Кухонные часы тикают. Громко. Слишком громко для этой вязкой, почти осязаемой тишины, которая повисла в квартире после очередного скандала. Я сижу за столом, обхватив руками чашку с давно остывшим чаем. Пальцы замерзли, но я этого почти не чувствую. Все мои чувства, кажется, стянулись в один тугой, ноющий узел где-то в груди.
Из комнаты сына доносятся приглушенные, злые голоса. Сначала — возмущенный бас Сергея, потом — оправдывающийся, с пьяными нотками, тенор Игоря. Моего мужа. Я не разбираю слов, но мне и не нужно. Сценарий этой пьесы не менялся уже лет тридцать. Игорь снова занял у сына деньги. И, разумеется, проиграл их. Или пропил. Или и то, и другое вместе.

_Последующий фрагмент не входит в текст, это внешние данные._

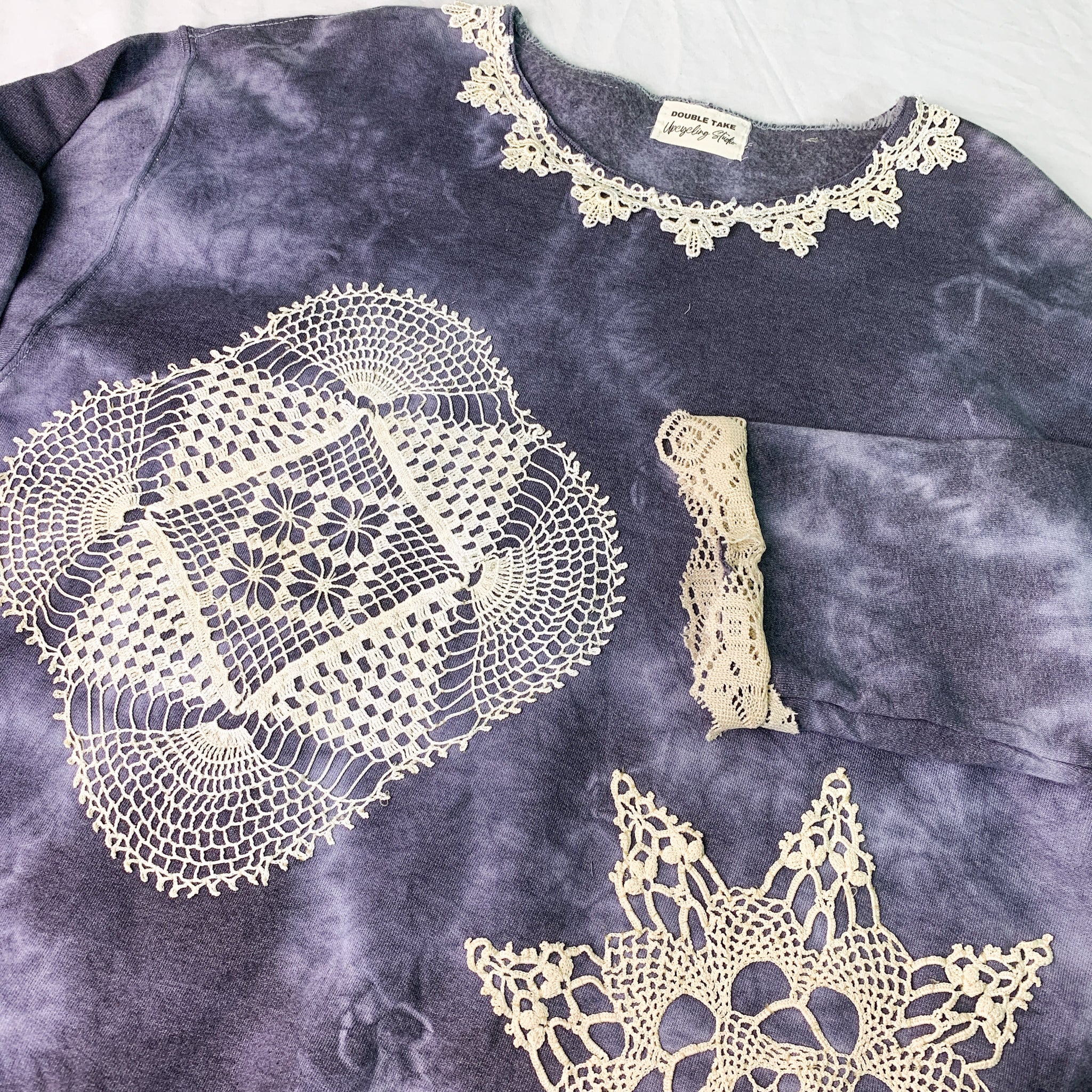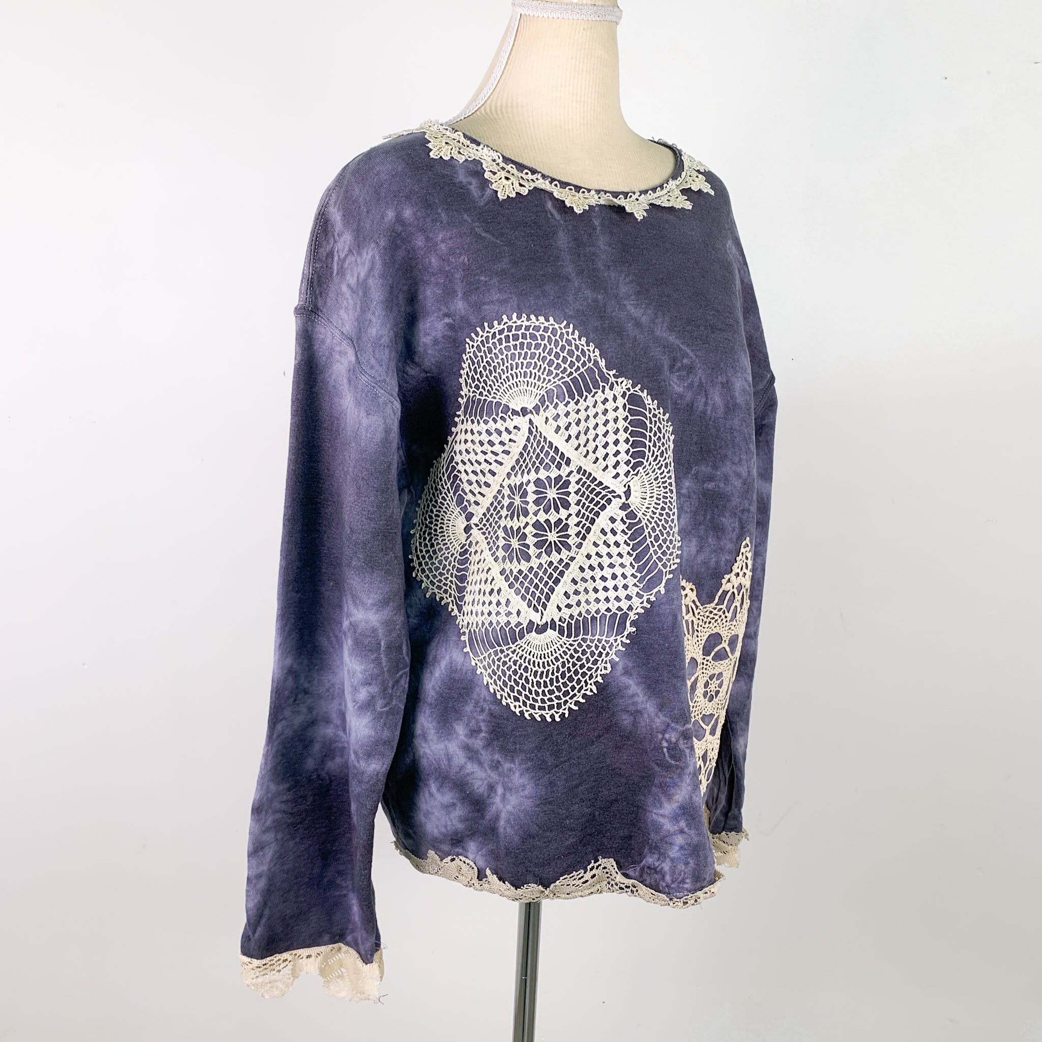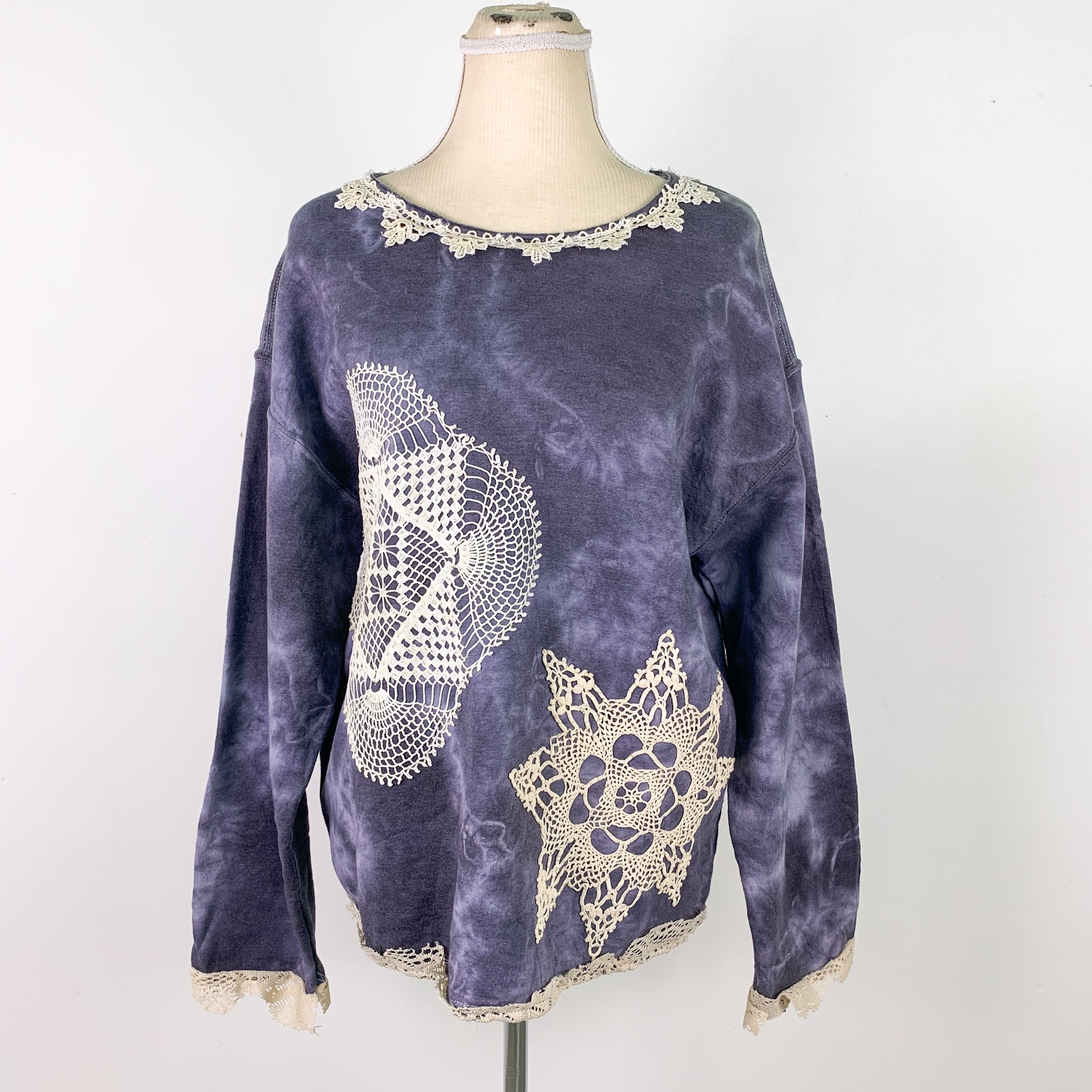 Upcycled Tie-Dye Sweatshirt With Lace Crochet Trim & Patches

— Мам, ну сколько можно? — Сергей входит на кухню, его лицо — маска из усталости и гнева. В свои двадцать восемь он выглядит старше, серьезнее. Слишком рано ему пришлось повзрослеть. — Он опять… Опять клянчил, обещал, что последнее вложение, что вот-вот «проект выстрелит». Какой проект? Бутылка водки — вот его проект!
Я молчу, лишь поджимаю губы. Что я могу ему сказать? Что я опять поверила? Что в сотый, в тысячный раз понадеялась на чудо?
— Я ему больше ни копейки не дам, — отрезает Сергей, наливая себе воды из фильтра. Пьет жадно, одним махом. — И тебе не советую. Хватит тащить на себе этот груз.
Он уходит в свою комнату, громко хлопнув дверью. А я остаюсь сидеть в этой звенящей тишине, и тиканье часов превращается в удары молота по вискам. Тик-так. Тик-так. Словно время отсчитывает не секунды, а мои потерянные годы, мои растоптанные надежды.
И вдруг, как наяву, я вижу другую кухню. Светлую, залитую солнцем, пахнущую ванилью и мамиными пирогами. Мне двадцать, я кружусь в новом платье, легком, как облако, а мама смотрит на меня. Смотрит долго, пристально, и в ее глазах нет той радости, которую я ожидаю увидеть. Только тревога.
Это было за день до свадьбы. Я, счастливая, ослепленная любовью, щебетала без умолку о том, какой Игорь замечательный, как он на меня смотрит, какие стихи читает. Он был обаятельным, да. Настоящий артист. Умел пустить пыль в глаза, очаровать, заговорить. И я попалась. Попалась, как неопытная рыбка на блестящую наживку.
Мама, Лидия Петровна, тогда взяла меня за руку. Ее ладонь была сухой и прохладной, она словно пыталась остудить мой пыл.
— Света, дочка, — начала она тихо, но так, что каждое слово впечатывалось в память. — Подумай еще раз. Ты не должна выходить за него.
Я рассмеялась. Легко, беззаботно.
— Мам, ну что ты такое говоришь? Завтра свадьба! Я люблю его.
— Любовь бывает слепой, — вздохнула она. — А я смотрю зрячими глазами. Он не твой человек, Света. Он… пустой. Красивая обертка, а внутри — сквозняк. Он принесет тебе много горя. Я вижу это.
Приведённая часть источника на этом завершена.